Review by: Ryan Kugler
7/17/02

If Memento procreated with Mulholland Drive and their offspring was turned into a film directed by Greg Araki, D.P.'d by the person that shot Julian Donkey Boy and was cast by a madman (supporting cast members include Michael Des Barres and Tim Thomerson), it would resemble Ocean Park. This shockingly bad shot on digital feature has a murky look, a muddled plot and it takes itself way too seriously. It's all so overwrought and ridiculous (though played totally straight) that it starts off somewhat amusing, but ends up being one hell-of-a-chore to sit through.

The film was shot on and around the Santa Monica Pier in Los Angeles and tells a cautionary tale about an actress who comes to the motion picture capitol of the world with dreams of becoming a star (shades of Mulholland Drive).

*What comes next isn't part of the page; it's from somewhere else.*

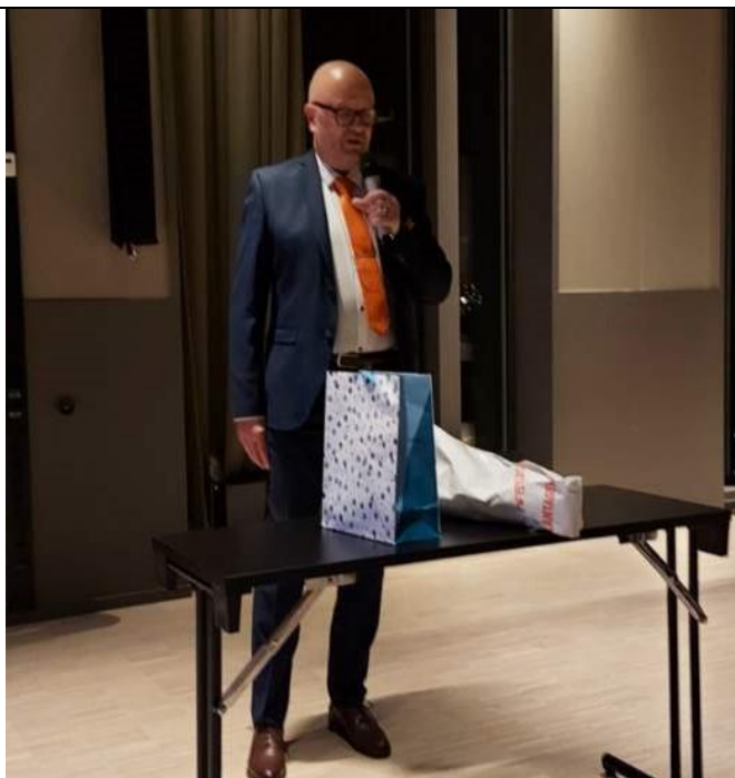
Tidligere leder i Postens Idretts- og Fritidsforbund takket for maten.

Jo (Alexandra Wilson) is a would-be actress who hooks up with Will (Kenneth Hughes), an actor whose star is fading. He gives her acting lessons and she gives him sex. Things hit a snag for him when he brings her to a party. She meets and immediately falls for Will's brother-in-law Rick (Jonathan Aube), a success with only two roles under his belt. Jo hooks up with the married bad boy and gets involved with drugs. One evening, Rick videotapes her as she does coke and as he forcefully has sex with her. Soon after this incident, Will finds her dead body and the search for the killer and the videotape is on. Unfortunately for the two actors, the evidence shows that more than likely, one of them was responsible for her death. Things get even more complicated when Jo's twin sister Davia (also played by Wilson) and crooked cop Kenny (Marcus Dean Fuller, looking a lot like the NSYNC guy that wants to be shot into space, which on reflection sounds like a great idea as the further he gets from this planet, the better) arrive on the scene with shady plans of their own.

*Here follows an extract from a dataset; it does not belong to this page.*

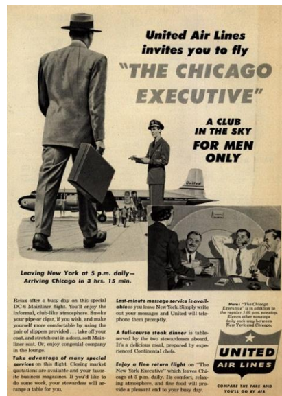
صورة رقم (11) تمثل إعلان للرجال فقط لشركة الخطوط الجوية المتحدة United Airlines

الخطوط الجوية المتحدة United Airlines التي كانت رحلاتها للرجال فقط حتى عام 1970، والتي استقطبت في أقل من عام 1950 مسافر؛ جعل هذا استراتيجية التسويق هذه ناجحة بشكل لا يصدق، وظهرت الفكرة لأول مرة في أوائل الخمسينيات من القرن الماضي واستمرت حتى أوائل السبعينيات كما يظهر من الصورة رقم (11) (Mental Floss, 2021)

Making the mostly incoherent plot even harder to follow is writer/director David Warfield, who uses such conventions as flashbacks and flashforwards (shades of Memento) to make his tale a little less linear for the sake of being cool. It distracts, but not enough to make his tired murder mystery any more interesting or exciting. Maybe if this material was played as the camp that it really is (like Wild Things), it would have been a cheesy, fun soap opera. As is, it's a deadly dull bore.

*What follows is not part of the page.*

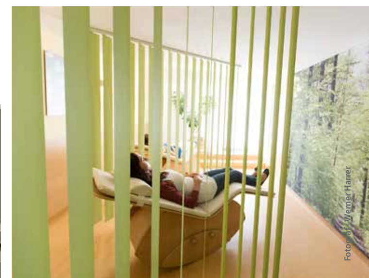
Entspannungsraum für Mitarbeiter im Krankenhaus Linz.

I feel kind of bad (but not too) ripping a film like this, as I'd much rather launch an attack on a big Hollywood production. I respect David Warfield for having the drive and ambition to make his own feature and to get it accepted into a film festival, but a bad film is a bad film. Even though I didn't like Ocean Park, at least Warfield got to spend about 100 million less on his digital feature than Lucas spent on his (assuming Episode 2 cost exactly 100 million).

On a side note: Remind me never again to sit in the first five rows during a no-budget, digitally shot project. After 101 minutes of dark and blurry footage shot by a monkey-cam, my head was ready to explode.